According to the location of sampling points and the analysis of evaluation results, the water samples of type V water quality are mainly distributed north of the Gaojiabao coal mine, west of the Tingnan coal mine, and south of the Xiaozhuang coal mine. The analysis indicates that all three coal mines are large-scale, each with a production capacity of 5.00 Mt/a and high mining intensity. Field investigations reveal that all three water samples originate near the mining face. Strong disturbances to the Luohe Formation’s aquifer due to extensive pre-mining water exploration and drainage projects have led to sequential contamination of the aquifers. Other water samples are located in the Jinghe Wetland Reserve, Water Source Reserve, or far away from the current mining activity area. The disturbance caused by human factors such as mining activities to groundwater is relatively small, and all of them meet the potable water standards of grade III and above.

5. Conclusions

(1) The Cretaceous Luohe Formation aquifer is abundant in water with excellent quality. It is a crucial water source for industry, agriculture, and drinking water for residents in the mining area and its surroundings. Horizontally, the Luohe Formation’s thickness generally decreases from northwest to southeast. Vertically, it shows distinct segmentation due to alternating sedimentation of meandering and braided river phases.

(2) Among the groundwater chemical indicators, the pH value is relatively stable and typically weakly acidic. The content levels of SO₄²⁻ and Cl⁻ vary significantly across different locations. The groundwater chemical type transitions from SO₄ • HCO₃ • Cl–Na, SO₄–Na, and SO₄ • Cl–Na types in the northern mining area to SO₄ • HCO₃ • Cl–Na • Ca, HCO₃ • SO₄–Na • Mg, and SO₄ • Cl–Na • Ca • Mg types in the south. The groundwater hydrochemical composition is influenced by multiple factors, including cation adsorption, carbonate and sulfate dissolution, and hydraulic exchange with the upper Huachi Formation groundwater.
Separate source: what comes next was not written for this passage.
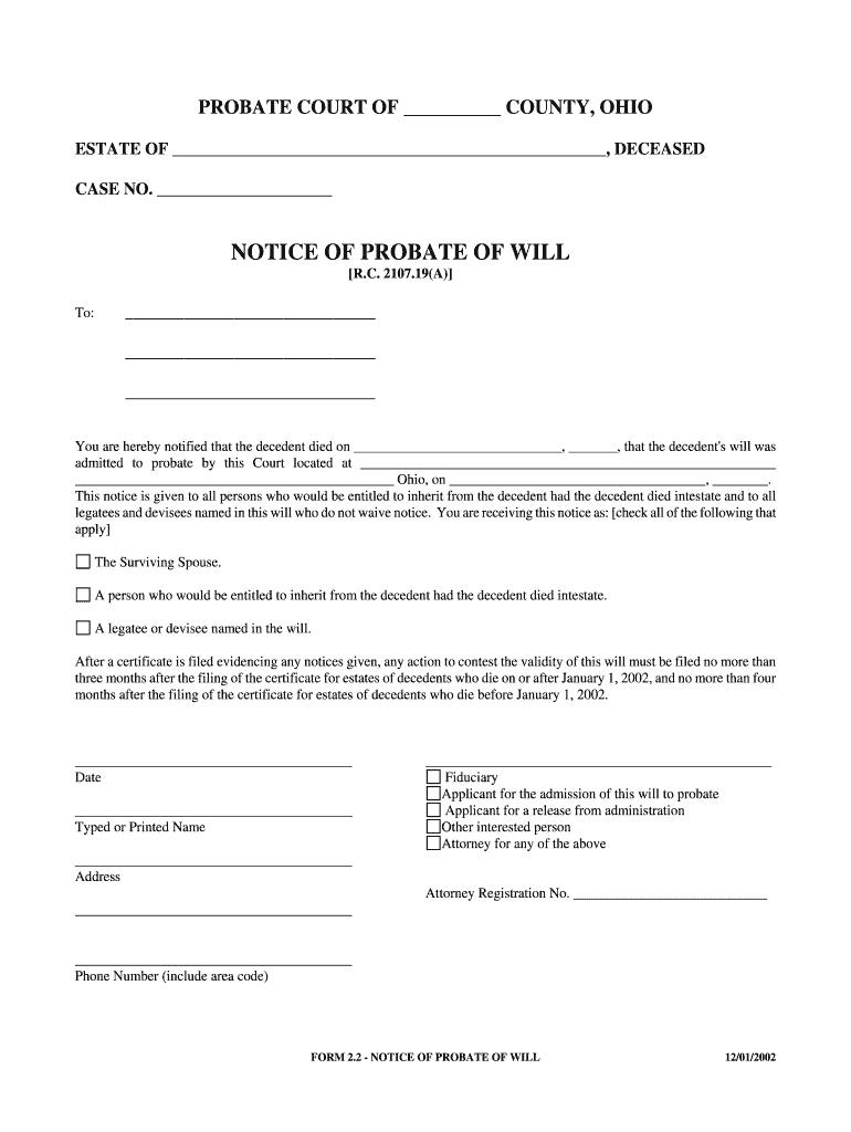 Get the free NOTICE OF PROBATE OF WILL - supremecourt ohio

(3) Significant differences exist in the groundwater quality evaluation results obtained by the Nemerow index and the fuzzy comprehensive evaluation method based on principal component analysis. The latter method provides more reasonable and reliable results. In the study area, 70% of groundwater samples meet Class III water standards or higher. Poor groundwater quality areas are mainly found to the north of Gaojiabao coal mine, the west of Tingnan coal mine, and the south of Xiaozhuang coal mine, where coal mining intensity is relatively high.